About this task: Retype the lines below exactly, but only those from the line that has "- Hautiere, N.;" through the line that has "Спеет орех довольно". Omit every picture.

====== Supplied records

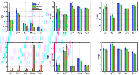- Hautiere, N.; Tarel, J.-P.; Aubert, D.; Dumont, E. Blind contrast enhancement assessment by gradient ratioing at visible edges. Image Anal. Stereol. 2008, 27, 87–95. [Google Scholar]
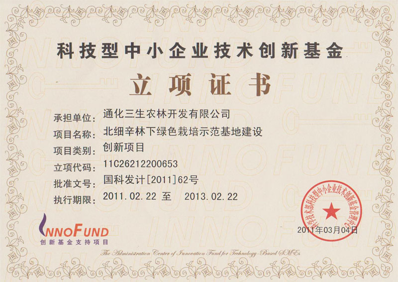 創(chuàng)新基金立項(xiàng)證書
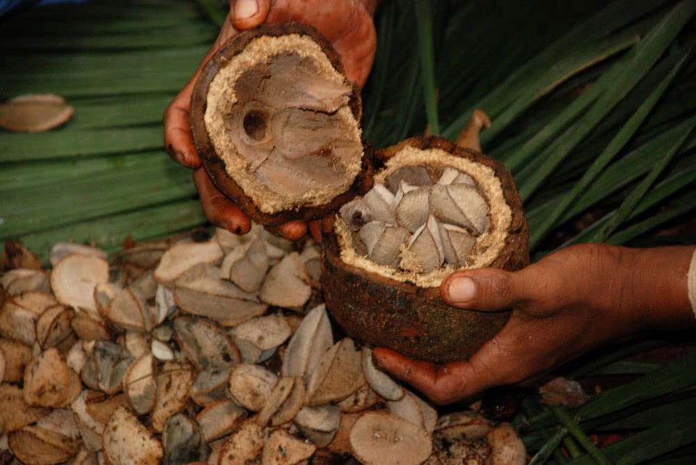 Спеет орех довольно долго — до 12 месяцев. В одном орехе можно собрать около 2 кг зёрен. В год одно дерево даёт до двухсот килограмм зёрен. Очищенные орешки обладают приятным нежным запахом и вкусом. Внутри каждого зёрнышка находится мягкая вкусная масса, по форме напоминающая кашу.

============
====== Supplied records

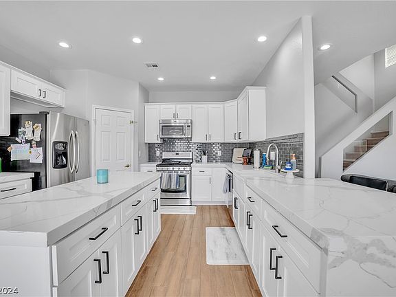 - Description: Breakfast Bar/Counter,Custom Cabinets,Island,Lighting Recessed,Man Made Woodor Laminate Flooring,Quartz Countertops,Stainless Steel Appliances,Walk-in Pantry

============
====== Supplied records

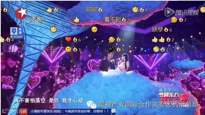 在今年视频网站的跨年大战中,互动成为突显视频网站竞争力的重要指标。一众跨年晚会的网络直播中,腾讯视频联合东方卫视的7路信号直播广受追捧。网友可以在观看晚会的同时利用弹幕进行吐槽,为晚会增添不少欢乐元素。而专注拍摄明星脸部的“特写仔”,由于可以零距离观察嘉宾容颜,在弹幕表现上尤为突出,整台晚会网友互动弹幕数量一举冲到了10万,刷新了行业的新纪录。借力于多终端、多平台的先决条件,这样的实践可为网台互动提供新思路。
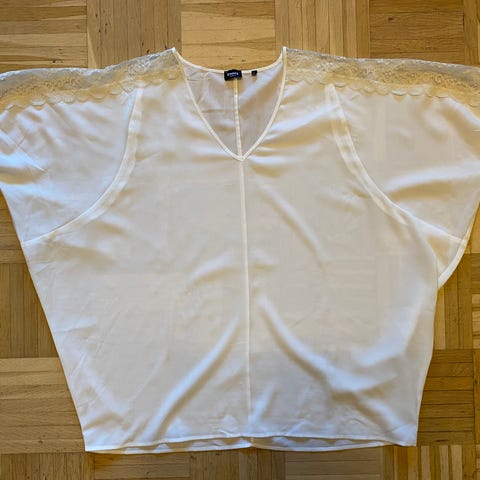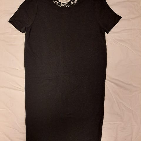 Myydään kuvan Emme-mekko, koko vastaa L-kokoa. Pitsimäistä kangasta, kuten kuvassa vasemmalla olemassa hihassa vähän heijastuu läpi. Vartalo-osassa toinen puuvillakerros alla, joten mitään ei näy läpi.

============

Solution to this exercise:
- Hautiere, N.; Tarel, J.-P.; Aubert, D.; Dumont, E. Blind contrast enhancement assessment by gradient ratioing at visible edges. Image Anal. Stereol. 2008, 27, 87–95. [Google Scholar]
 創(chuàng)新基金立項(xiàng)證書
 Спеет орех довольно долго — до 12 месяцев. В одном орехе можно собрать около 2 кг зёрен. В год одно дерево даёт до двухсот килограмм зёрен. Очищенные орешки обладают приятным нежным запахом и вкусом. Внутри каждого зёрнышка находится мягкая вкусная масса, по форме напоминающая кашу.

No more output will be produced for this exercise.